Издав протяжный вздох, я без сил опустился на пол. Перед глазами всё ещё стояла плачущая Дианна, и я ничего не мог поделать с этим. Но ведь… это всё. Она ушла. Всё закончилось. Больше никаких истерик по поводу моих задержек на работе, больше никаких притянутых за уши чувств, фальшивых улыбок, больше никаких сожалений по поводу неправильности моих поступков. Где моя радость, где долгожданное чувство свободы? Их не было. Я не чувствовал ничего, кроме гнетущего одиночества. Пустой дом после стольких месяцев, в течение которых развивались наши отношения, был мне теперь до ужаса непривычен. Казалось, что каждый пустой угол, каждая ступенька, каждый порог – всё в моём доме говорило: «Дианны нет. Дианна ушла. Дианна больше никогда не вернётся».
Решив отложить мысли об этом на потом, я достал мобильный и открыл список контактов. Эвелин – вот кто мне был нужен, кто мне был жизненно необходим. Я намеревался позвонить ей сейчас же и первой рассказать о том, что случилось. «Мы с Дианной расстались», – эта фраза упорно звучала в моей голове, когда я смотрел на фото Эвелин, готовясь звонить ей. Мне было интересно, как она отреагирует на это, что скажет. Но потом мой взгляд скользнул по часам, и я выключил телефон. Конечно, Эвелин уже спит, я не хочу будить её. К тому же мы виделись с ней сегодня, и я с болью в груди думал о том, что Эвелин может устать от меня.
Внезапно в мою голову ворвалось воспоминание о Карлосе. Сегодня в студии испанец рассказывал мне о методах борьбы со своей зависимостью: он, как я и советовал, сел на диету и начал усиленно заниматься в зале. Правда, между слов ПенаВега пожаловался мне, что в одиночку плохо справлялся. Алекса, несмотря на мой звонок и слёзную просьбу вернуться к Карлосу, никаких попыток склеить семейные отношения не предприняла. «Не хватало ещё, чтобы за него его друзья извинялись», – сердито бросила мне Алекса в трубку.
Обрадовавшись возможности уехать из дома, я спешно набрал номер Карлоса и прижал телефон к уху. Одиночество уже потихоньку отступало в темноту.
— Да? — послышался сонный голос друга на том конце провода, и он зевнул. — Да, Логан?
— Спишь?
— Нет, но уже собирался ложиться…
— Значит, ты ничем не занят?
Мгновение испанец молчал, после чего ответил:
— Нет, друг мой, я абсолютно ничем не занят.

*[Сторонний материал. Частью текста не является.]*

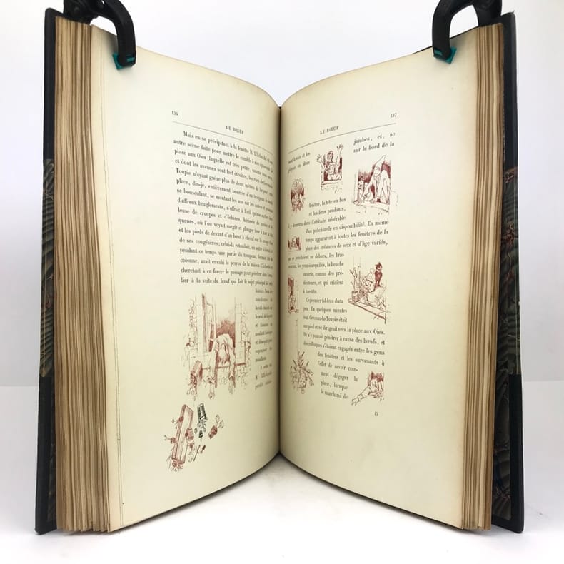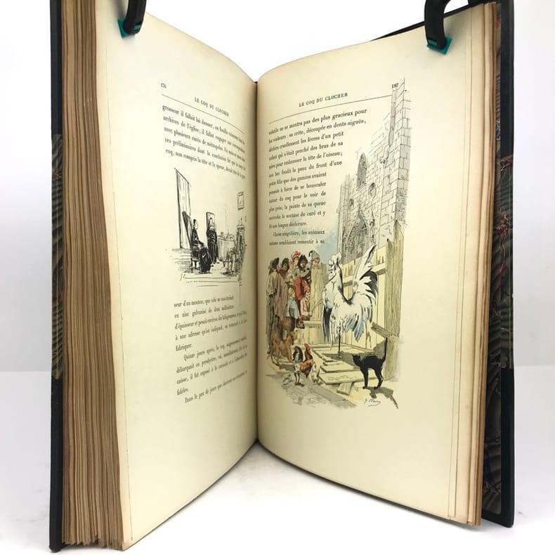 Le squelette homogène-le bœuf-le coq du clocher.In 4 reliure éditeur, pleine toile rouge titre au dos et sur le premier plat,doré.Faux-titre, portrait de l’auteur, en frontispice, sous serpent, titre illustré en couleurs, sous serpent,198 pages,nombreuses illustrations de Georges CLAIRIN hors texte et dans le texte, en noir en sépia et en couleurs. A savoir 12 hors-texte en couleurs, un hors-texte en héliogravure, 143 dans le texte et lettrines. Non rogné, tête dorée. Les deux plats de couverture sont conservés, deux déchirures longitudinales réparées, coin inférieur droit du premier plat, légèrement émoussé. A signaler un petit trou,(punaise?) du l premier plat de couverture en s’atténuant jusqu’à la page 9,pour disparaître à la page 10, quelques traces de manipulations habituelles,cela sans gravité
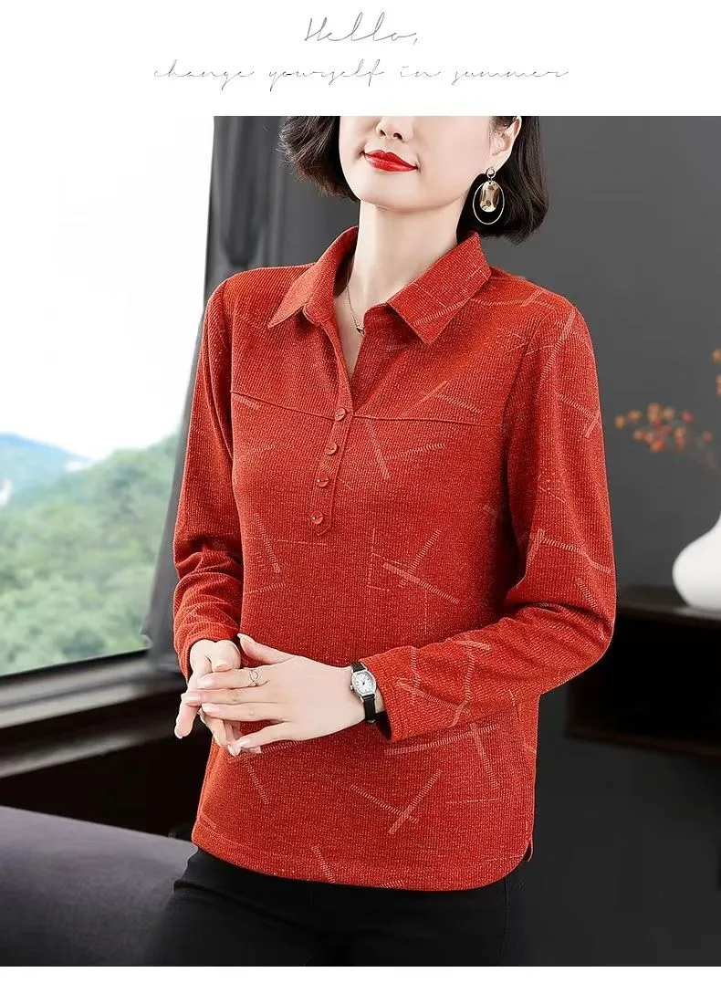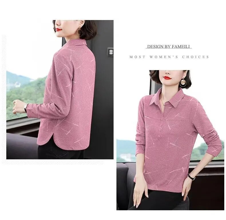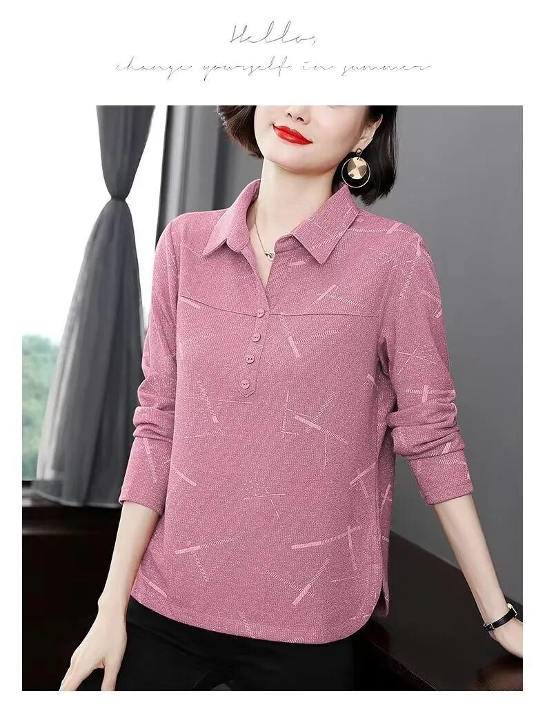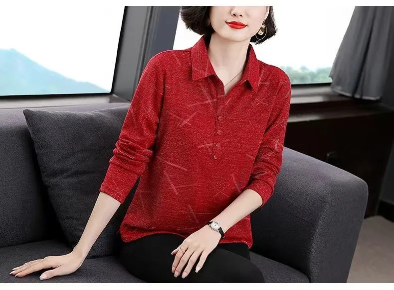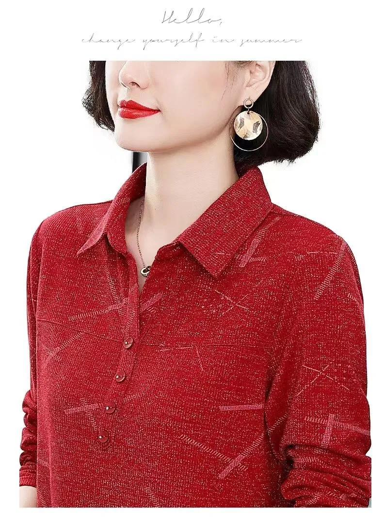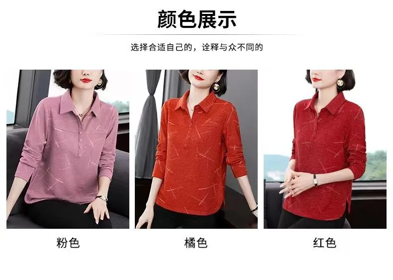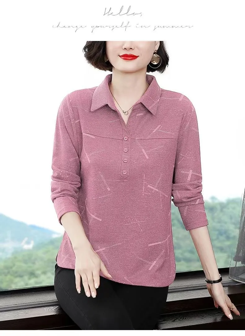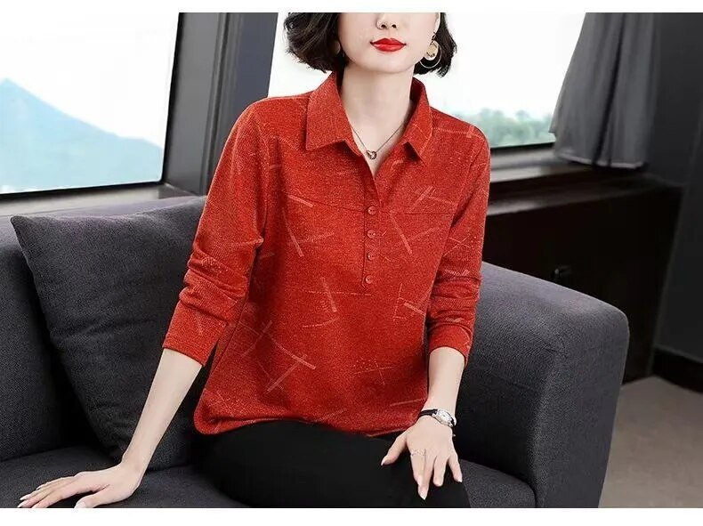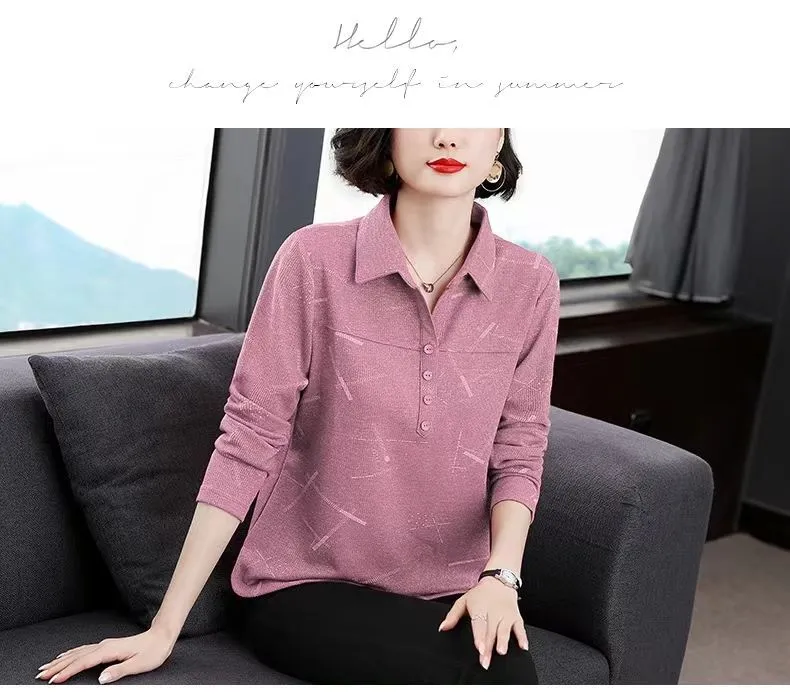 M-5XL Womens Polo Shirts Spring Autumn Long Sleeve Turn-down Collar Solid Loose Casual Soft Female Tops Tees Ladies Clothes Hw47

— Тогда можно мне приехать к тебе? Помнится, ты говорил, что плохо справляешься со всем в одиночку.
— О, так ты об этом? Боже, да что за вопросы, приезжай, конечно!
Я настолько воодушевился мыслью, что мне не придётся проводить эту ночь в тоскливом одиночестве, что уже через полчаса сидел в спальне у Карлоса. Испанец суетился, убирая пустые тарелки и стаканы с письменного стола, заправляя кровать и складывая в комод разбросанную по комнате одежду.
— Я не думал, что ты примчишься так быстро, — оправдывался ПенаВега с виноватой улыбкой, — я даже не успел прибраться.
— Да я же не Кендалл, я нормально отношусь к беспорядку. Можешь забыть про уборку.
Друг улыбнулся и, оставив попытки придать своей спальне приличный вид, сел в офисное кресло. На фоне тихо-тихо работал телевизор.
— Чем ты занимался, пока я не приехал? — решил поинтересоваться я, забравшись на кровать с ногами.
— Гуглил, где можно купить кулон в виде сердца. — Испанец развернул ноутбук экраном ко мне. — Бриллиантовый, конечно.
Посмотрев на цену, я присвистнул.
— Где ж ты деньги собрался взять, Карлос? Ты на мели.
— Да, но я ведь больше не играю, — улыбнулся хозяин дома. — Надо только немного подкопить…
Заметив бинты на левой ладони Карлоса, я указал на них рукой и спросил:
— Ожог так и не прошёл?
Друг посмотрел на свою ладонь и виновато прикрыл глаза.
— Ладно, — вымученно вздохнул он и принялся развязывать бинт, — я пообещал себе, что буду честным со всеми. Это значит, что тебе я должен сказать правду... Дело в том, Логан, что это никакой не ожог.
Карлос снял бинт, и моему взору открылась ладонь, исполосованная багровыми шрамами от порезов. Я ужаснулся.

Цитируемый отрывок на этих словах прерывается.